▼▼▼
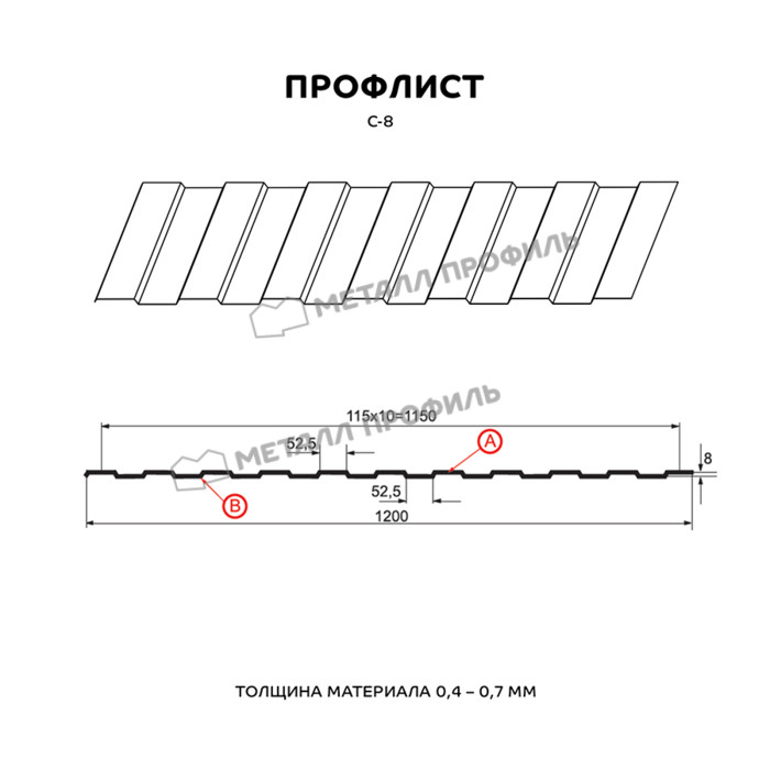 Профиль с самой низкой трапецией в каталоге Компании Металл Профиль. Назначение профиля С-8 – скорее дизайнерская задача, нежели прочностная. Профлист с высотой 8 мм замечательно подходит для таких решений, как: постройка ограждений, не подверженных большим снеговым и ветровым нагрузкам, создание вентилируемых фасадов, внутренняя отделка промышленных строений, системы подвесных потолков. Идентичная с двух сторон форма проката делает С-8 очень удобным исходным материалом для разноплановых дизайнерских замыслов. Оптимальная толщина стали – от 0,4 до 0,7 мм позволяет профлисту отлично справляться с любым своим назначением. А большая полезная ширина (1150 мм) помогает сэкономить на закупке профлистов. По вашему заказу мы можем изготовить листы металлопроката длиной от 0,5 до 12 метров.
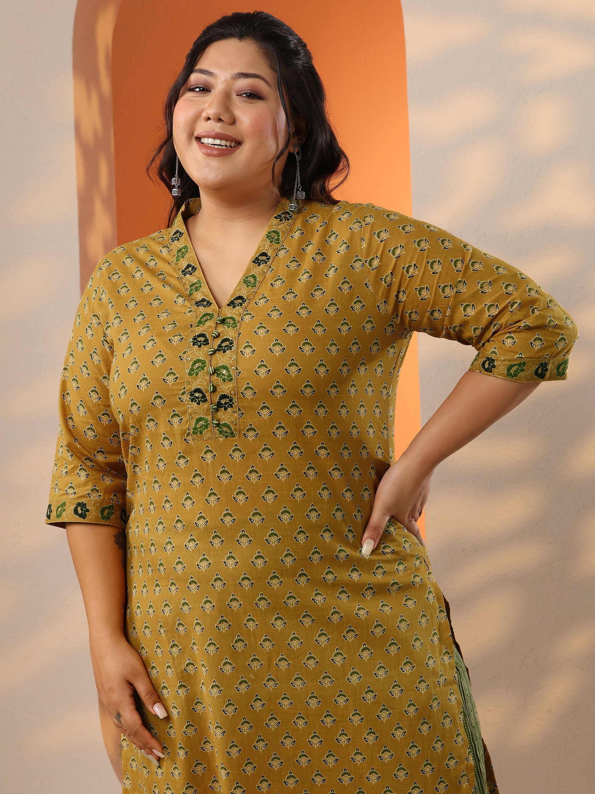 Plus Size Mustard Printed Cotton Straight Suit Set With Dupatta
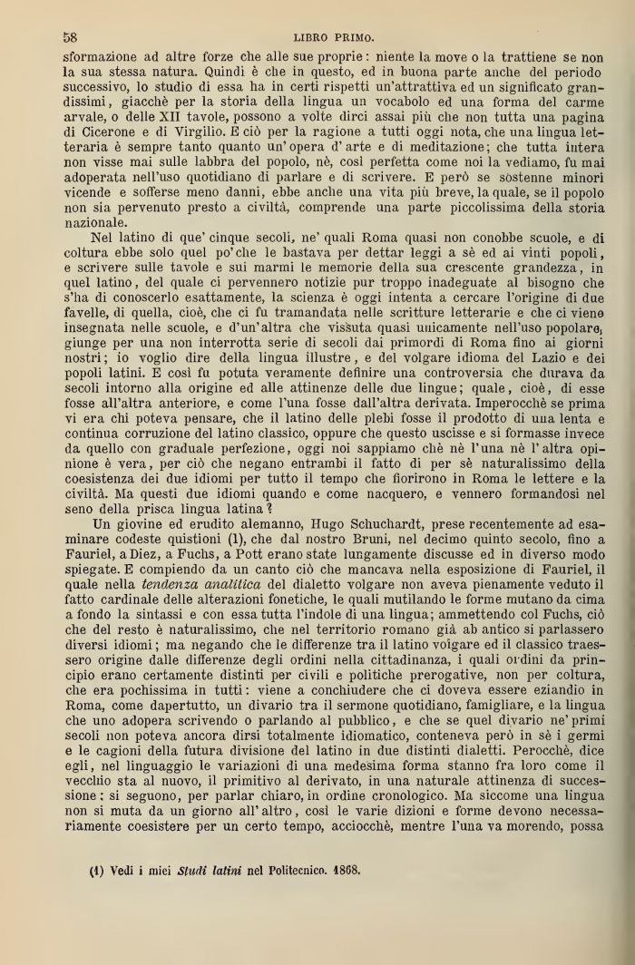 Un giovine ed erudito alemanno, Hugo Schuchardt, prese recentemente ad esaminare codeste quistioni (1), che dal nostro Bruni, nei decimo quinto secolo, fino a Fauriel, aDiez, a Fuchs, a Pott erano state lungamente discusse ed in diverso modo spiegate. E compiendo da un canto ciò che mancava nella esposizione di Fauriel, il quale nella tendenza analitica del dialetto volgare non aveva pienamente veduto il fatto cardinale delle alterazioni fonetiche, le quali mutilando le forme mutano da cima a fondo la sintassi e con essa tutta l'indole di una lingua ; ammettendo col Fuchs, ciò che del resto è naturalissimo, che nel territorio romano già ab antico si parlassero diversi idiomi ; ma negando che ìe differenze tra il latino volgare ed il classico traessero 01 ghie dalle differenze degli ordini nella cittadinanza, i quali ordini da principio erano certamente distinti per civili e politiche prerogative, non per coltura, che era pochissima in tutti: viene a conchiudere che ci doveva essere eziandio in Roma, come dapertutto, un divario tra il sermone quotidiano, famigliare, e la lingua che uno adopera scrivendo o parlando al pubblico, e che se quel divario ne'primi secoli non poteva ancora dirsi totalmente idiomatico, conteneva però in sè i germi e le cagioni della futura divisione dei latino in due distinti dialetti. Perocché, dice egli, nel linguaggio le variazioni di una medesima forma stanno fra loro come il vecchio sta al nuovo, il primitivo al derivato, in una naturale attinenza di successione ; si seguono, per parlar chiaro, in ordine cronologico. Ma siccome una lingua non si muta da un giorno all'altro, così le varie dizioni e forme devono necessariamente coesistere per un certo tempo, acciocché, mentre l'una va morendo, possa
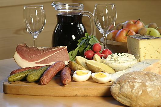 Farm's own products Zweigelt, Sauvignon, Pinot blanc ..., 'Kaminwurzen' salami, Sauerkraut ...
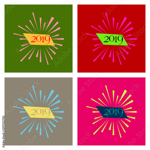 © anastasia_horovits, Fototapeta premium 2019 Happy New Year greeting card. Celebration white background with pig and place for your text. Vector Illustration
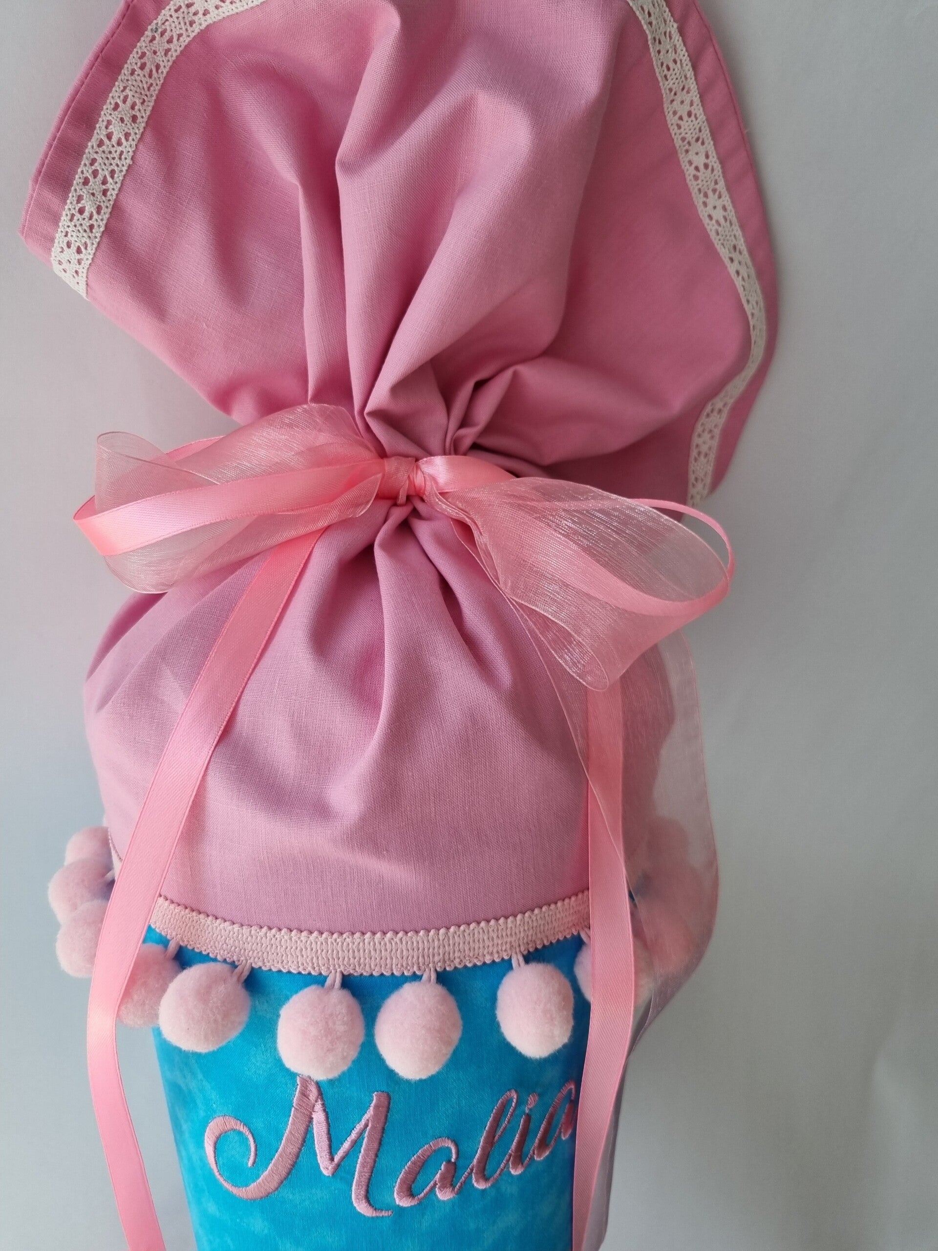 Mit feiner Stickerei, Pompon-Borte und personalisiertem Namen wird sie zum besonderen Begleiter am ersten Schultag.
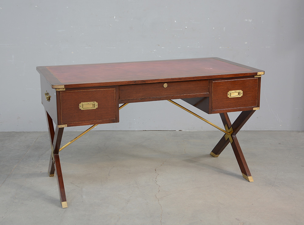 Scrivania navy da centro in mogano a tre cassetti sul fronte, piedi rastremati e ferramenta in ottone. Piano in pelle impressa. Inghilterra sec. XX (cm 141x79x77)(difetti)
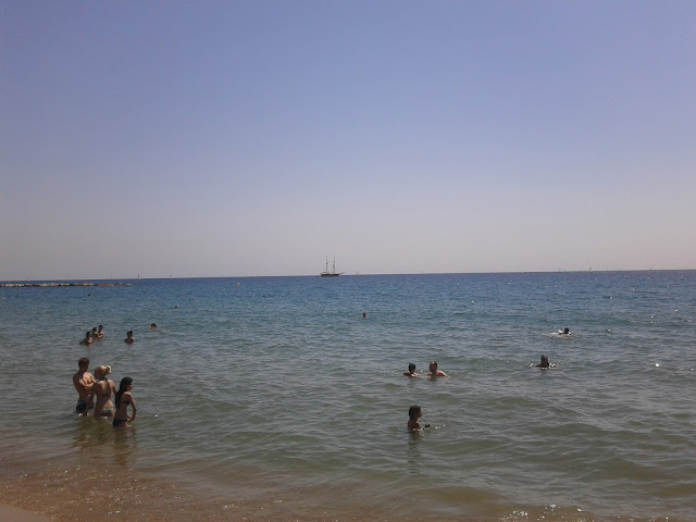 Нарешті ми на пляжі!!! Народу купа. Розкладаємо коцики, і лежимо. Ми на березі Середземного моря!
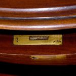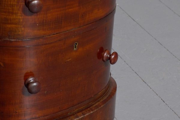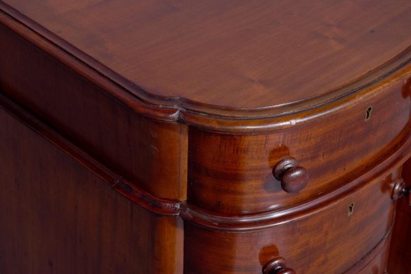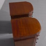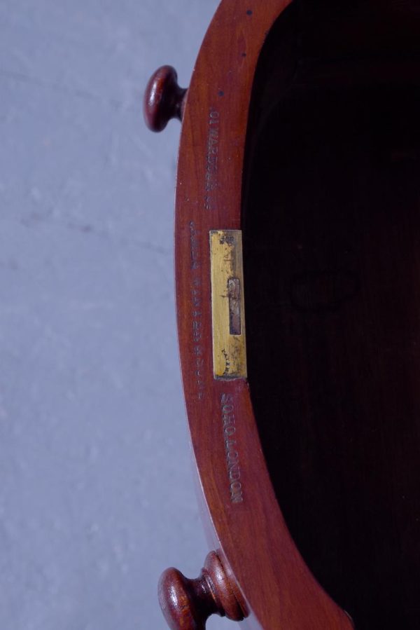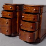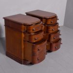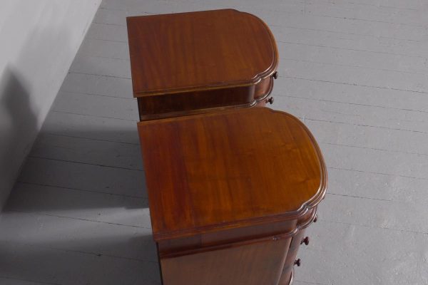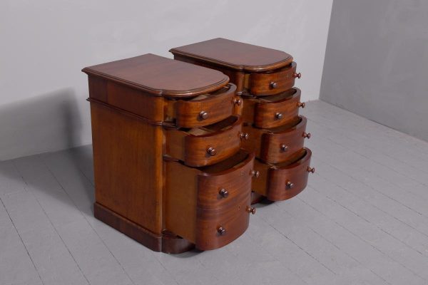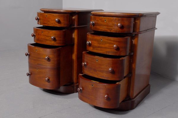 Circa 1880 Pair of Victorian Small Mahogany Chest of Drawers/Bedside Lockers. The bow-fronted tops with moulded edges above four graduated mahogany bow-fronted drawersmade by famouscabin makers James Winter & Sons 101 Wardour Street, London (stampedon the drawers). With original finely turned bun handles and solid mahogany drawer linings(sign of quality cabinet making). All supported on moulded enclosed plinth bases.
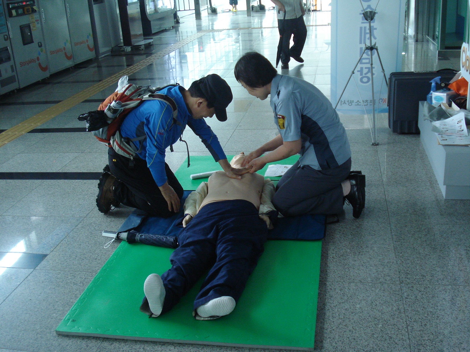 휴가철 춘천을 찾는 사람들에게 119에서 춘천역 안에 준비한 심폐소생술 체험을 하고 있습니다 춘천시여성의용소방대원이 2인1조로 매일2~3시간 봉사하고 있습니다 더운날씨에 고생 많으십니다
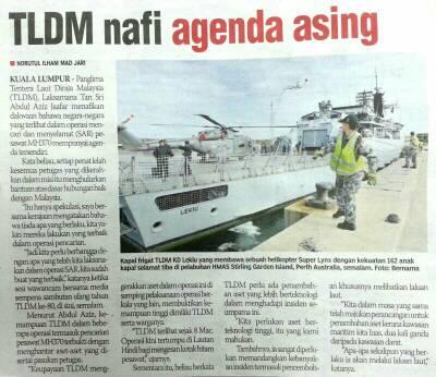 KUALA LUMPUR - Panglima Tentera Laut Diraja Malaysia (TLDM), Laksamana Tan Sri Abdul Aziz Jaafar menafikan dakwaan bahawa negara-negara yang terlibat dalam operasi mencari dan menyelamat (SAR) pesawat MH370 mempunyai agenda tersendiri.
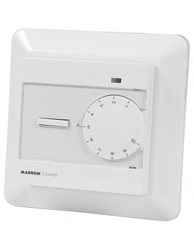 Możesz wybrać również manualny sterownik MAGNUM HEATING Standard Control. Urządzenie posiada jedynie dwa widoczne przyciski (włącznik i pokrętło regulacji temperatury), dzięki czemu jest bardzo prosty w obsłudze i nie istnieje ryzyko przypadkowej zmiany ustawień. Dodatkowo termostat posiada odpowiednie zabezpieczenia, które uniemożliwiają uszkodzenie systemu ogrzewania. W zestawie znajdują się dwa rodzaje obudowy (zaokrąglona i kwadratowa), dzięki temu możesz dopasować wygląd termostatu do przełączników lub własnego gustu. Ten termostat również posiada dwa czujniki temperatury (powietrzny i podłogowy).
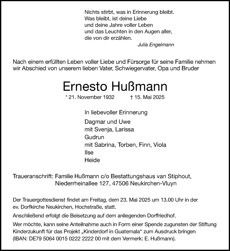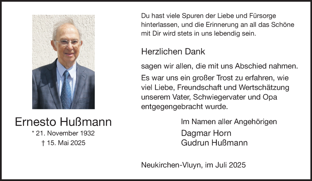 Hier finden Sie alle Traueranzeigen aus der Zeitung, die bisher für Ernesto Hußmann erschienen sind. Weitere Traueranzeigen, die in der Zeitung erscheinen, werden hier ebenfalls aufgelistet
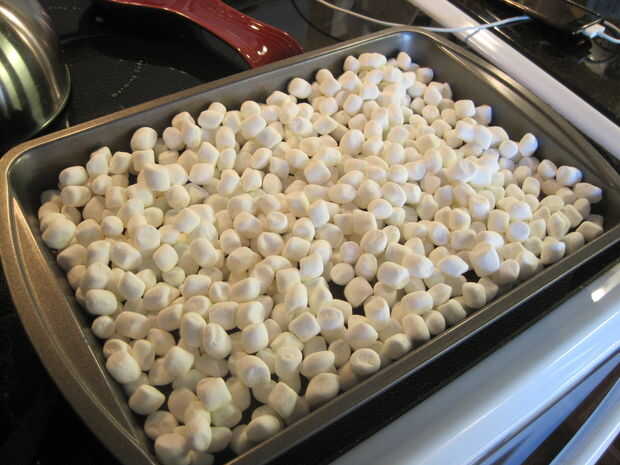 Uniformemente repartidos por su bolsa de malvaviscos mini pan entero.
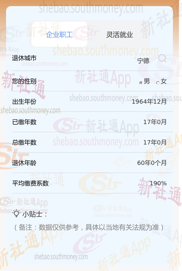 网友柯某,他对自己退休以后的养老金能领多少也特别关注,发来私信咨询,这位网友的参保地是宁德,工龄17年,按190%档位缴纳,请问养老金能领多少钱?知道了这些大概的数据后,我们就帮网友柯某估算一下社保退休工资能领多少?
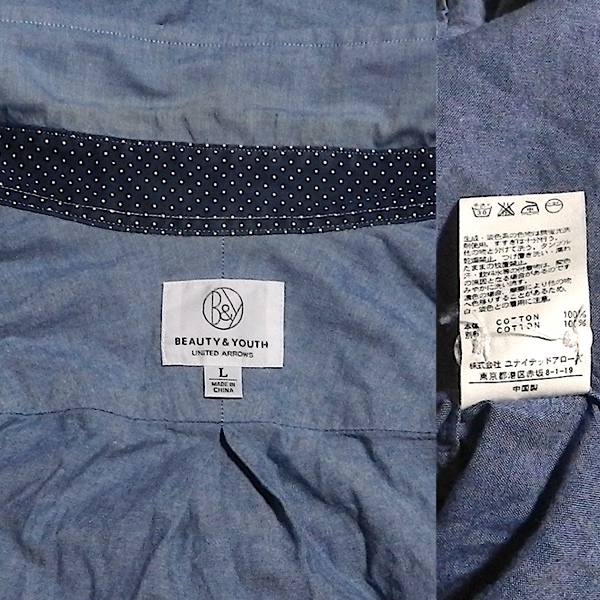 Product name: ビューティー&ユース ユナイテッドアローズ ボタンダウン ドット柄 長袖シャツ ドレスシャツ デザインシャツ 薄手 デニム系 薄い 紺 L
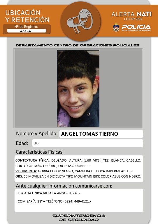 La policía del Neuquen lanzo el alerta NATI para Ángel Tomas Tierno, de Villa la Angostura. con las siguientes características la orden es para Ubicación y retención.
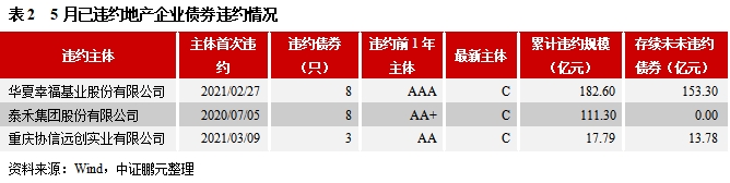 2021年5月,已違約主體泰禾集團股份有限公司(簡稱“泰禾集團”)、華夏幸福基業股份有限公司(簡稱“華夏幸福”)和重慶協信遠創實業有限公司(簡稱“重慶協信”)的存續債券繼續出現違約。截至2021年5月末,華夏幸福尚有存續債券153.30億元,其中有33億元在2021年面臨到期或回售;重慶協信尚有存續債券13.78億元,在7月和9月到期;泰禾集團所有發行債券均已到期或違約。
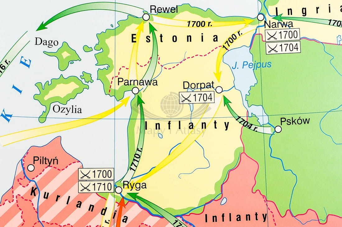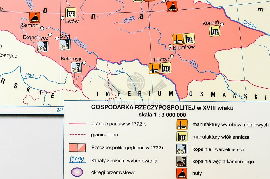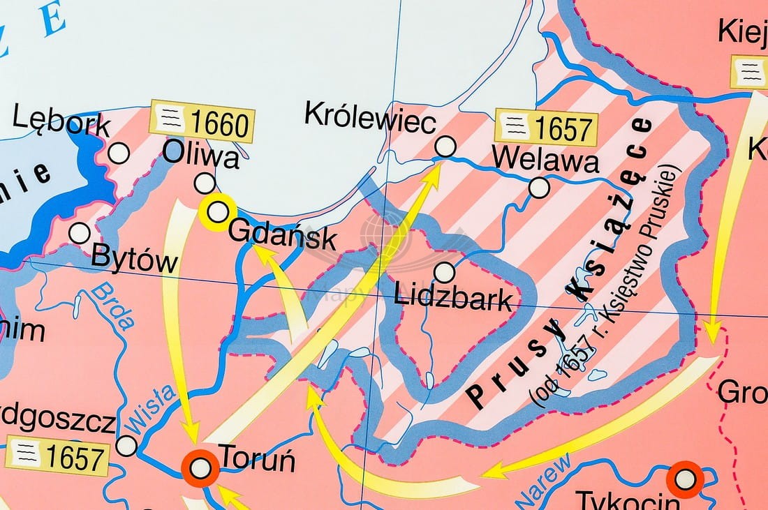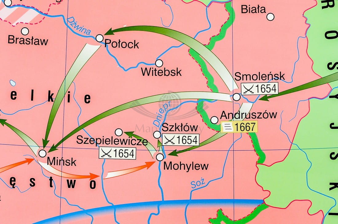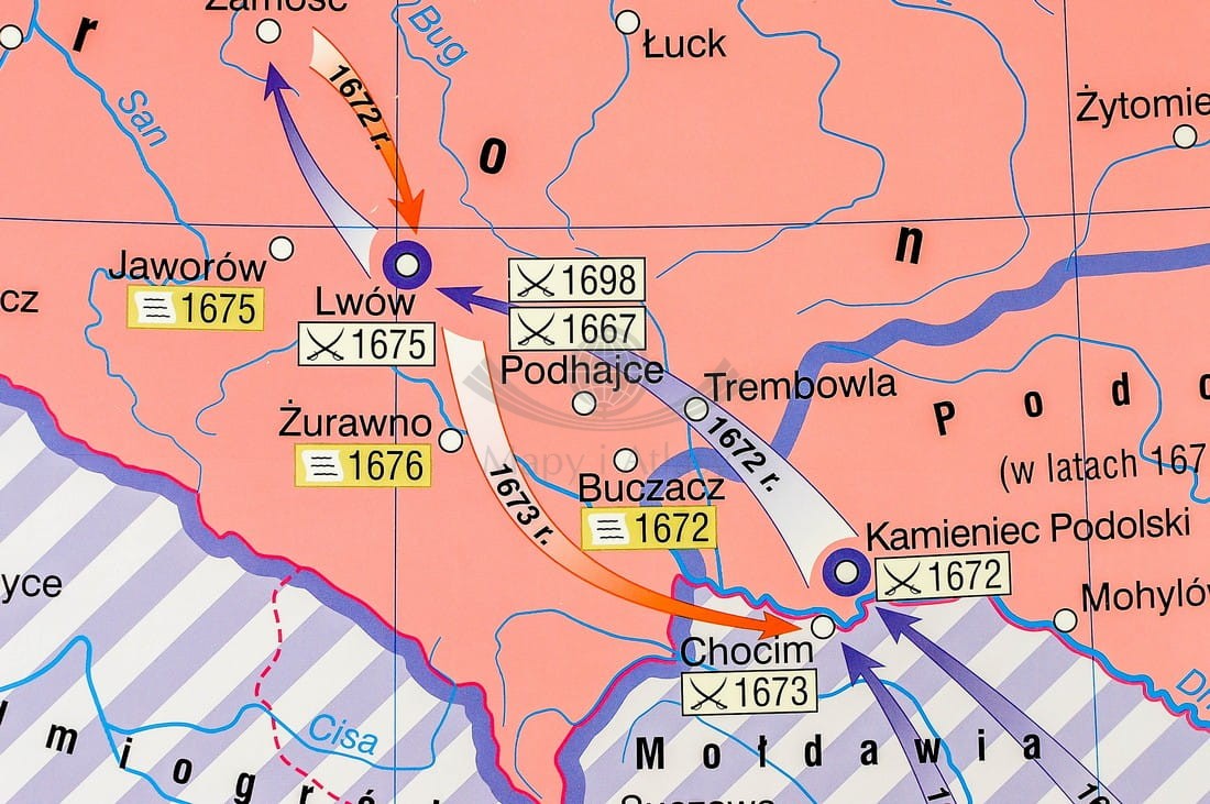 Pierwsza strona zawiera mapę główną przedstawiającą Rzeczpospolitą podczas panowania Jana Kazimierza ze szczególnym uwzględnieniem wojen z Kozakami, Szwecją i Rosją, w skali 1:1 700 000 oraz mapę prezentującą Polskę w czasach Jana Sobieskiego...
▲▲▲
◆ What you have to do
Keep to the stretch from the line containing "Farm's own products" through the line containing "Scrivania navy da", both ends included, and copy it exactly from the listing above, minus the pictures.

◆ Task output
 Farm's own products Zweigelt, Sauvignon, Pinot blanc ..., 'Kaminwurzen' salami, Sauerkraut ...
 © anastasia_horovits, Fototapeta premium 2019 Happy New Year greeting card. Celebration white background with pig and place for your text. Vector Illustration
 Mit feiner Stickerei, Pompon-Borte und personalisiertem Namen wird sie zum besonderen Begleiter am ersten Schultag.
 Scrivania navy da centro in mogano a tre cassetti sul fronte, piedi rastremati e ferramenta in ottone. Piano in pelle impressa. Inghilterra sec. XX (cm 141x79x77)(difetti)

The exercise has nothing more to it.